About this task. Please leave out pictures and print exactly the lines from the one that has "I am passionate" through the last line of the material below.

##### Task inputs

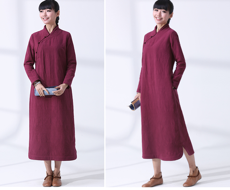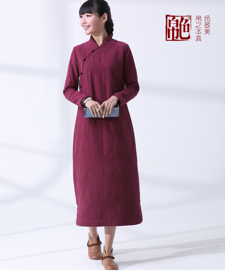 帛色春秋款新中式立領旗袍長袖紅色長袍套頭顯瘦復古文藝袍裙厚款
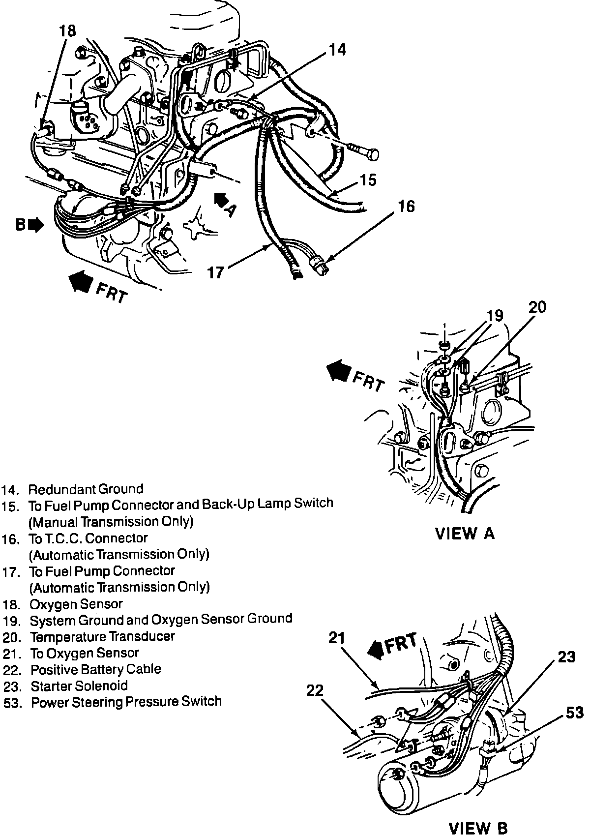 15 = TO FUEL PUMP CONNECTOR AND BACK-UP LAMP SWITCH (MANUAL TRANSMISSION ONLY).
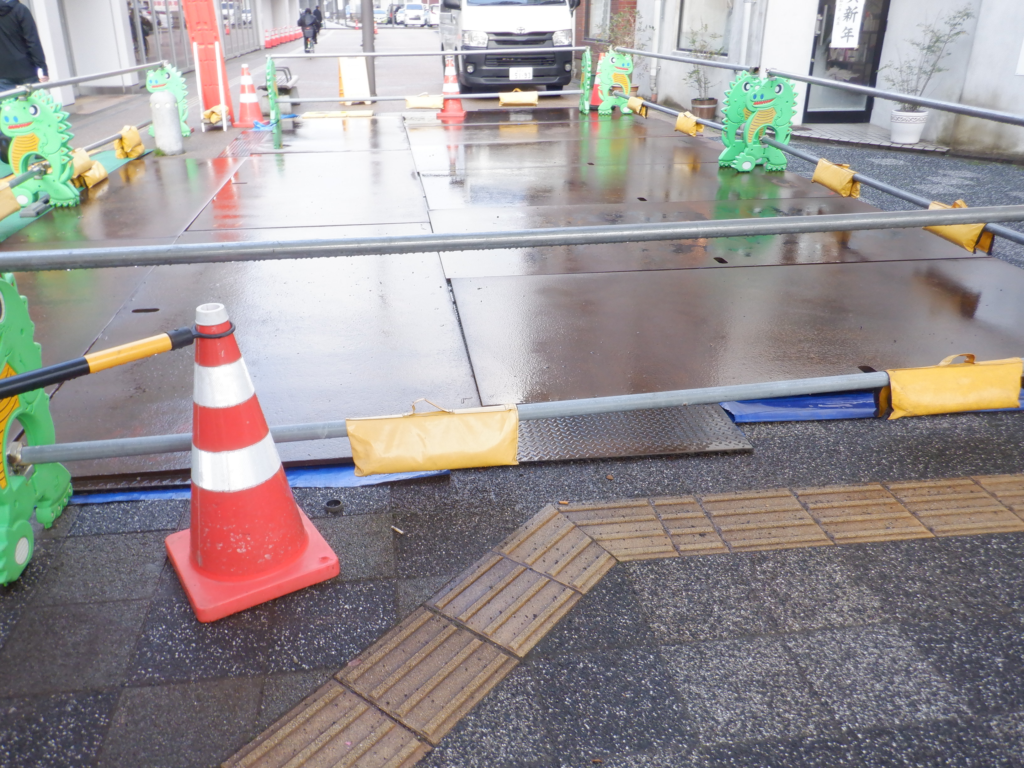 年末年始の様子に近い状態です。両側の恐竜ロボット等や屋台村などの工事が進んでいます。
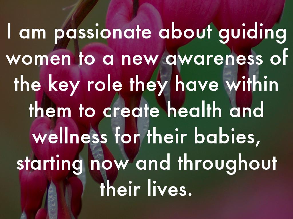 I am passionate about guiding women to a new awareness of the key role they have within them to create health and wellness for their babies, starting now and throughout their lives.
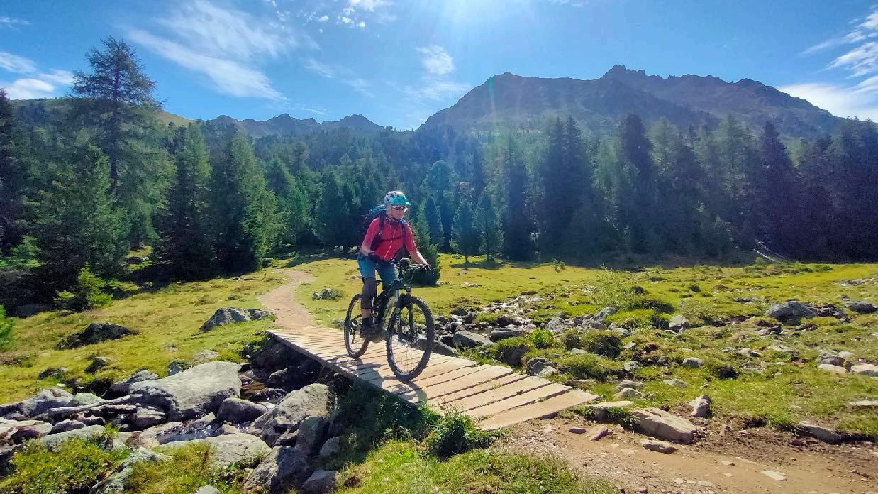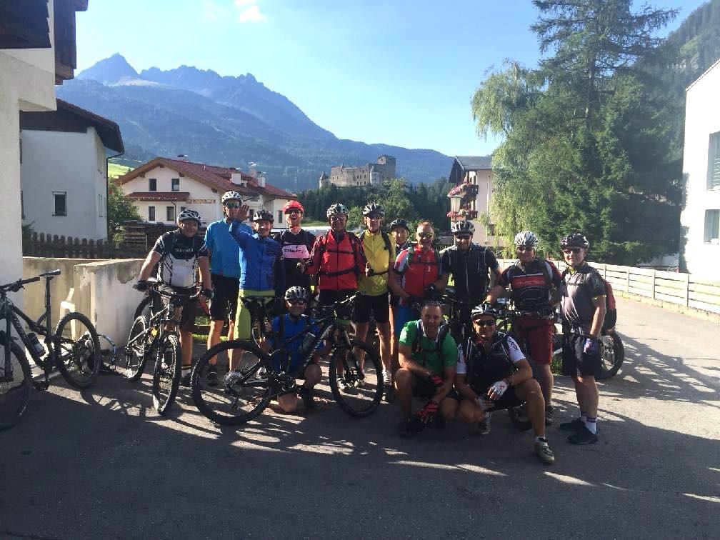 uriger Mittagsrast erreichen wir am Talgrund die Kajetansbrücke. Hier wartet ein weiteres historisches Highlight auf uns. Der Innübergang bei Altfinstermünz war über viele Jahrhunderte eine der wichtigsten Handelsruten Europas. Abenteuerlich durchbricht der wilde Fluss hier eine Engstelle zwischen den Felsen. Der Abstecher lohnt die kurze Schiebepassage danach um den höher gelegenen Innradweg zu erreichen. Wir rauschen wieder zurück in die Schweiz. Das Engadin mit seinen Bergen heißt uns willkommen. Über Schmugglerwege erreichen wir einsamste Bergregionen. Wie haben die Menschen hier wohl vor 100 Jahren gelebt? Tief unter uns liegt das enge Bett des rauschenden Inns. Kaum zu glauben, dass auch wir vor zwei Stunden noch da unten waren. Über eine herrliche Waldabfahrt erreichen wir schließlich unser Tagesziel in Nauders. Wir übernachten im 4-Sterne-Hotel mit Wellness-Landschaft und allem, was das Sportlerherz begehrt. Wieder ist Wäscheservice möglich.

##########

Answer to this task.
 I am passionate about guiding women to a new awareness of the key role they have within them to create health and wellness for their babies, starting now and throughout their lives.
 uriger Mittagsrast erreichen wir am Talgrund die Kajetansbrücke. Hier wartet ein weiteres historisches Highlight auf uns. Der Innübergang bei Altfinstermünz war über viele Jahrhunderte eine der wichtigsten Handelsruten Europas. Abenteuerlich durchbricht der wilde Fluss hier eine Engstelle zwischen den Felsen. Der Abstecher lohnt die kurze Schiebepassage danach um den höher gelegenen Innradweg zu erreichen. Wir rauschen wieder zurück in die Schweiz. Das Engadin mit seinen Bergen heißt uns willkommen. Über Schmugglerwege erreichen wir einsamste Bergregionen. Wie haben die Menschen hier wohl vor 100 Jahren gelebt? Tief unter uns liegt das enge Bett des rauschenden Inns. Kaum zu glauben, dass auch wir vor zwei Stunden noch da unten waren. Über eine herrliche Waldabfahrt erreichen wir schließlich unser Tagesziel in Nauders. Wir übernachten im 4-Sterne-Hotel mit Wellness-Landschaft und allem, was das Sportlerherz begehrt. Wieder ist Wäscheservice möglich.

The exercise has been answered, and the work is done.